For my specific tests, I setup a Hello for Business profile from within Configmgr and deployed that to my test-machine and enrolled in Hello for Business. It’s beyond the scope of this blog to go into the details of setting up hello for business. But this, or any other form of MFA should be sufficient.
Verifying the results on a Windows 10 - 1709 Machine
Let’s first verify that the Client Requirements are met.
Logon to your Windows 10 - 1709 client and make sure that it is Azure AD Registered.
Do this by opening and Admin Command prompt and typing the following command : “DSREGCMD /Status”.
You should see something similar to this
Obviously, also make sure that your ConfigMgr client agent is up to the latest version (in production, it would need to be Configmgr 1710 or later)
If all of the pre-requisites are good, we can check if our enrollment in Intune has succeeded.
There are a few places to check, but I found the CoManagementHandler.Log (under c:\windows\ccm\logs) to be the easiest.
A few things I noticed about auto-enrollment is that once the policy is received by the client, it will not automatically start the enrollment process. There is some delay built-in to the mechanism that seems to randomize this from a few minutes to a few hours.
If enrollment fails (because not all requirements are met), it will retry 3 times with a 15 minute interval.
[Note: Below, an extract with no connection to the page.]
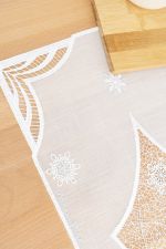 Dieses hübsche Tischdeko Modell von Plauener Spitze® ist mit seinen filigranen Verzierungen und glitzernden Elementen eine perfekte Ergänzung für die Advents- und Weihnachtszeit. Im Shop finden Sie das Design als Tischdecke, Tischläufer und kleines Deckchen. Die geschwungenen Formen mit spitzen Zacken können an Sterne erinnern, die spitz zulaufenden Formen sind erneut zu finden, wenn diese direkt aneinander liegen und als tannenbaumartiges Gebilde mit feinen glitzernden Fäden verbunden sind. Im Zentrum des Designs steht der sternenförmige Rahmen, mit Fadengeflecht gefüllt und mit Schneeflocken verziert, die auch außen in den Zacken in anderer Form erneut auftauchen.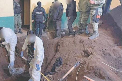 De acuerdo con fuentes cercanas a la investigación, en el lugar concluyeron con los trabajos de excavación y en el lugar también hallaron sustancias como cloro y creolina, cintas canela y plástico para emplaye.

If after that it still didn’t succeed in enrolling, it will not try again until the computer is rebooted (or the sms agent host got restarted).
If, like me, you are a very patient person, you can sit out the time for the auto-enrollment to kick-in.
However, if you want to speed things up, for the sake of testing, you can always trigger the enrollment yourself.
The proper way to do this would be to open admin command-prompt (admin needs to be the same user that enrolled the device in Azure AD) and navigating to c:\windows\System32
Then run : “DeviceEnrollment /c /AutoEnrollMDM”
The command itself won’t give any feedback but you should see some results in the Eventlog (Microsoft / Windows / DeviceManagement-Enterprise- Diagnostics-Provider / Admin).
Look for EventID “75 - Auto MDM Enroll: Succeeded”
If all goes well, your device should now be registered in Intune and still managed by ConfigMGr. The easiest to verify this is by logging into Intune and going to your devices node.
Click “All Devices” and you should see all registered devices in Intune. The device that just enrolled should be there and in the “Managed By” column, it should be marked as “MDM/ConfigMGr Agent”
The CoManagementHandler.Log should show something similar to this :
That’s it for today ! Enjoy Reading.